Friday, May 22, 2020
Photo is 'copy,' court has to explain to city, police in state record access case under Arkansas FOIA
Attorney Ben Motal visited the Little Rock Police Department headquarters to inspect and copy an accident report under the Arkansas Freedom of Information Act (FOIA). The police refused to allow Motal to copy the report by taking a photograph using his cell phone. He sued.
In response, the city filed a motion to dismiss, arguing that a citizen must choose to either inspect, copy, or receive a government record—notwithstanding the metaphysical impossibility of this claim. How can you copy a record without at least somewhat inspecting it—with your eyes closed?

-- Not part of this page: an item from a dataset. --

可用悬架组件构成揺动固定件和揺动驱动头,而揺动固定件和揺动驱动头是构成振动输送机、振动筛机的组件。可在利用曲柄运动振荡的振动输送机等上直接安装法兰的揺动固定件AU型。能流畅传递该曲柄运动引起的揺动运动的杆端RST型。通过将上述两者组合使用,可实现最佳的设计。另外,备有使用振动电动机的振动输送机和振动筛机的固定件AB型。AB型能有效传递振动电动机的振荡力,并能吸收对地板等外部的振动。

Then, the city argued that a photograph is not a "copy." Remarkably, the trial court judge, Mackie Pierce, agreed. He said that "if the Legislature wanted to give you the right to photograph public records, they could have easily used the word 'photograph.' They didn't. They used 'copy' and 'copying.'"
. . . .
Pierce also dismissed the case because the city relented after being sued, and it provided the records directly to Motal without any need to photograph or otherwise copy them. We see this type of legal manipulation all the time, wherein public entities comply with the law only after being sued and then seek to Jedi-mind-trick their way out of litigation by asserting in court that "there's nothing to see here—move along, move along."

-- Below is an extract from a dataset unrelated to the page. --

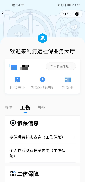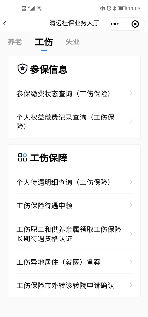 ③進入清遠社保業務大廳后,選擇“工傷”

The result too often is that only attorneys and those who can afford attorneys have rights, because they can sue. If you're a regular Joe, you don't have any rights, say the city and the trial judge, because they've orchestrated it that there's no precedent to protect you when the city repeats the same bad acts they did to Motal.Reversing, the Arkansas Court of Appeals, per Judge Kenneth S. Hixson, ruled in favor of Motal. Now the city claims it will appeal to the state Supreme Court. Professor Steinbuch predicts the city will not succeed, despite a dubiously reasoned dissent by Judge Raymond R. Abramson, who would have ruled the case moot ("these are not the droids we're looking for") and parroted the city's argument. Judge Hixson was an attorney in private practice before going on the bench. Judge Abramson was a municipal police court judge and a city attorney.

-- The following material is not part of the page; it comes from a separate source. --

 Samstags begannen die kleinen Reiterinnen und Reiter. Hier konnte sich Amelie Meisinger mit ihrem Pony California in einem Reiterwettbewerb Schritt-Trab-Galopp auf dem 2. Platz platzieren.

Steinbuch is right in his reasoning and his prediction. Shame on the LRPD and the City of Little Rock. They seem to fundamentally misunderstand that a public record belongs to the public. They are only its custodians.
The opinion piece is Robert E. Steinbuch, "Photo" Finish, Ark. Democrat-Gazette, May 22, 2020. With University of Arkansas Professor John J. Watkins, Professor Steinbuch and I are co-authors of the treatise, The Arkansas Freedom of Information Act (6th ed. 2017) (excerpt of prior edition at SSRN), which Judge Hixson referenced.
The case is Motal v. City of Little Rock, No. CV-19-344, 2020 Ark. App. 308 (Ark. Ct. App. May 13, 2020), also available from Justia.